Eto’o won the Africa Cup of Nations in 2000 and 2002, and remains the competition’s all-time top scorer with 18 goals. He also won an Olympic gold medal with his country in 2000 and played in four world cups.

The Cameroonian lion also won three La Liga and two Champions League titles with Barcelona, and a treble of Serie A, Champions League and Coppa Italia with Inter Milan — a record that other African players can only dream of.

John Obi Mikel won the 2013 Africa Cup of Nations with Nigeria, and the bronze medal in the 2016 Olympics. He also won two Premier League titles, three FA cups and a Champions League with Chelsea to make him one of Africa’s most decorated stars in Europe.

Another Ivorian to carve out a stunning career in Europe is Yaya Toure, ​​who won the Africa Cup of Nations in 2015 and African footballer of the year four times. He excelled at Barcelona, winning two La Liga titles and the Champions League with Guardiola in 2009. He then moved on to become part of the Manchester City dynasty, claiming three Premier League titles and one FA cup.

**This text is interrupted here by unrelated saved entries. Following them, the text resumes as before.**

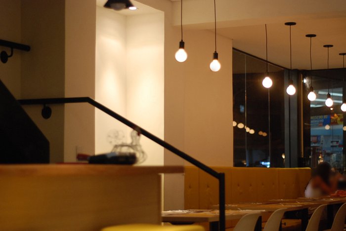 O espaço é de um tamanho ideal. Nem muito grande, nem muito pequeno, cadeiras confortáveis e luz meio baixa. Super agradável. Fomos no final do dia. O atendimento foi ótimo também.
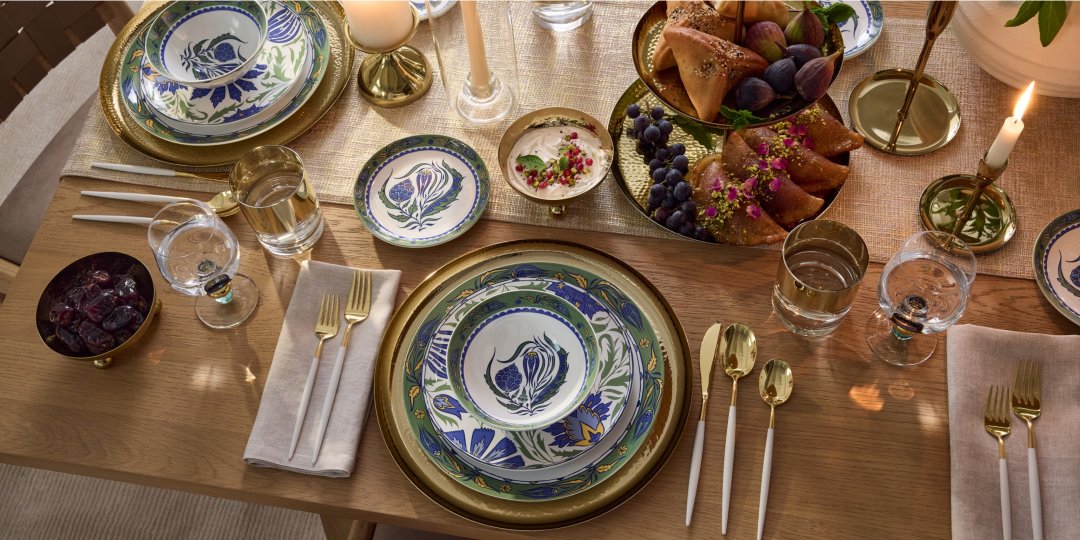 Ornate plates, gilded finishes and rich textures create a tablescape perfect for Eid.
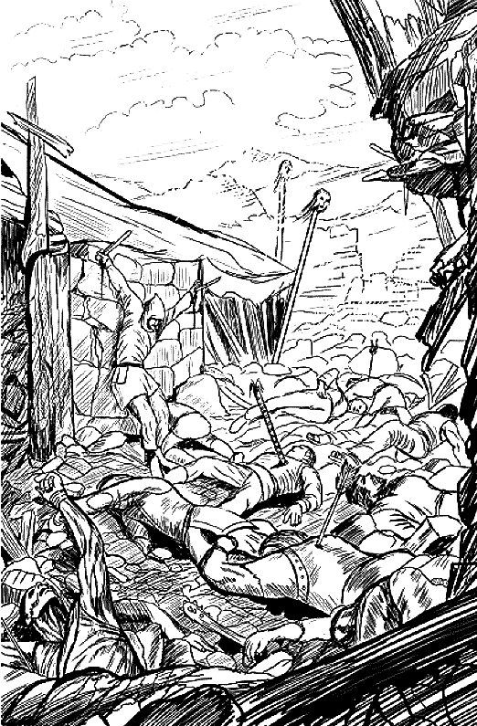 Также разведчики сообщили, что селение не рядовое, в нём имеется укреплённый воинский пост. Хотя правильнее – имелся. Невысокая башня и примыкающий к ней треугольник неровной каменной стены на поросшем травой валу. Гарнизон из почти двух десятков солдат врасплох застать не удалось, успели занять оборону. Неизвестно смогли ли они пустить кровь врагам, зато им её хорошенечко выпустили всю до капли. Причём буквально. Нескольких схваченных живыми бедолаг зверски пытали, после чего прибили к стене кольями.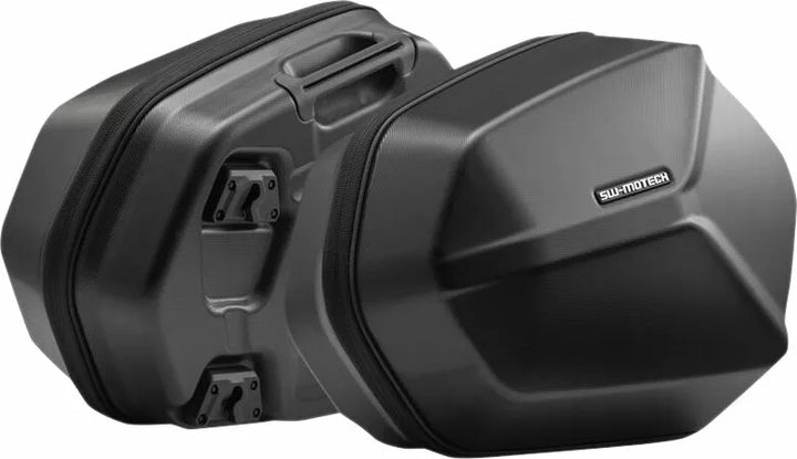 Lightweight and sturdy side cases for motorcycle travelers., Safely secured via quick-release fasteners to the removable PRO/EVO side carriers by SW-MOTECH, Bike-specific PRO or EVO side carrier are available separately, Protection against theft by securing to the side carrier, lockable zipper and lock for motorcycle luggage included in the delivery, 25 l storage per case, weighing just 1.8 kg when empty, Comfortable interior: padded textile lining, elastic cross straps, mesh pocket, bag to store lock for motorcycle luggage, Open it completely on the hotel bed or flip it open partially: Lid limiters with snap buckle secure the content, Carrying handles allow for carrying two cases with one hand, Reflective details for more safety in traffic, Structured surface is easy to care for and scratch-resistant and lends the AERO ABS side cases a modern look, Made from heavy-duty, weather-proof and UV-resistant 2.5-mm thick (inner case) and 2-mm thick (outer case) ABS plastic, Waterproof inner bag included in delivery, Included in delivery, 2 x AERO ABS Side case, 2 x Waterproof inner bags, 2 x Locks for motorcycle luggage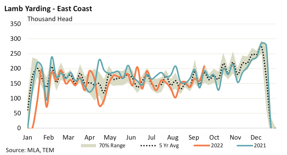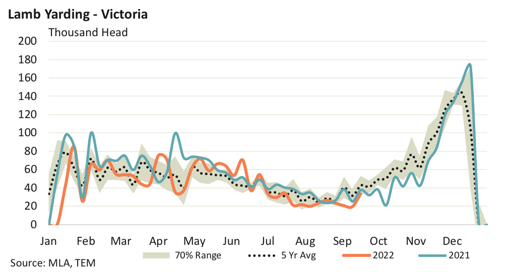 In contrast, Victorian lamb yarding levels are only just beginning to awake from their winter slumber. There were 33,569 head of lamb presented at Victorian sale yards for the week ending 16th September, which was a lift of 70% on the week prior. Despite the strong gain over the week Victorian lamb throughput sits 22% under the five-year average level for this week in the year.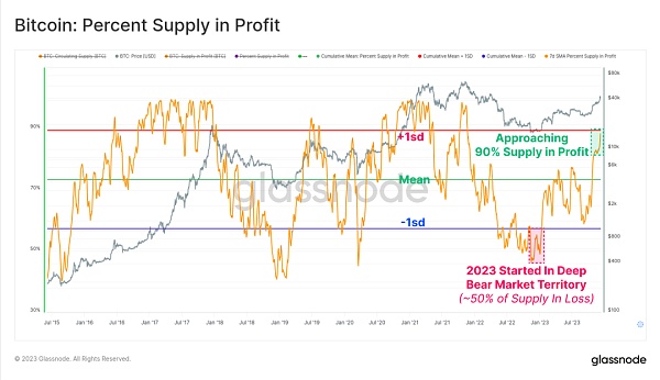 另一方面是,10 月份的反弹使“盈利”供应量占比高于历史平均水平,占流通供应量的 90% 以上。鉴于 2023 年初时超过 50% 的供应量处于“亏损”状态,这是历史上最快的复苏之一(仅次于 2019 年的反弹)。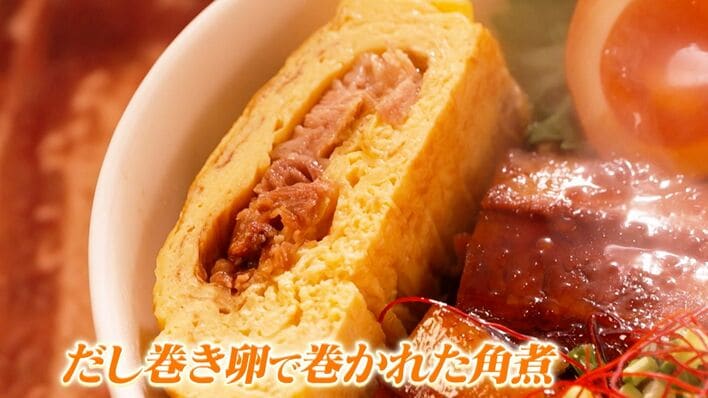 角煮は鹿児島県産の黒豚を1日かけてじっくり煮込むことでとろける柔らかさに。甘めのタレと、ジューシーな脂がマッチして濃厚な味わいに仕上がっています。

No list would be complete without mentioning the unique talent of Liberian George Weah, the only African star to win the Ballon d’Or, which he was awarded in 1995.

Blessed with extraordinary skill on the pitch and character off it, Weah’s major trophy tally included two Serie A titles with AC Milan, one Ligue 1 with Paris Saint-Germain and an FA cup with Chelsea.

While Weah won the African footballer of the year award three times (1989, 1994, 1985), he never made his mark on the Africa Cup of Nations.

Still, what other African star — apart from Salah, perhaps, in recent years — has been seen as outright the best player in the world at one time?

There are many others who have at one time or another shone in Europe and for their countries. These include Noureddin Naybet, Taribo West, Rabah Majer, Michael Essien, Samuel Kufuor, Kolo Toure, Abedi Pele, Seydou Keita, Benny McCarthy, Asamoah Gyan, Jay Jay Okocha, and Pierre-Emerick Aubameyang. The list goes on and on.

And let’s not forget the hundreds of home-based African stars who don’t receive the same attention as their Europe-based colleagues but who are just as important to their countries’ causes.

On Sunday night, Salah might lead Egypt to a record-extending eighth AFCON title, or Mane might lift Senegal’s first.

Whatever the outcome, the Liverpool stars will no doubt be the first to share the glory with their teammates.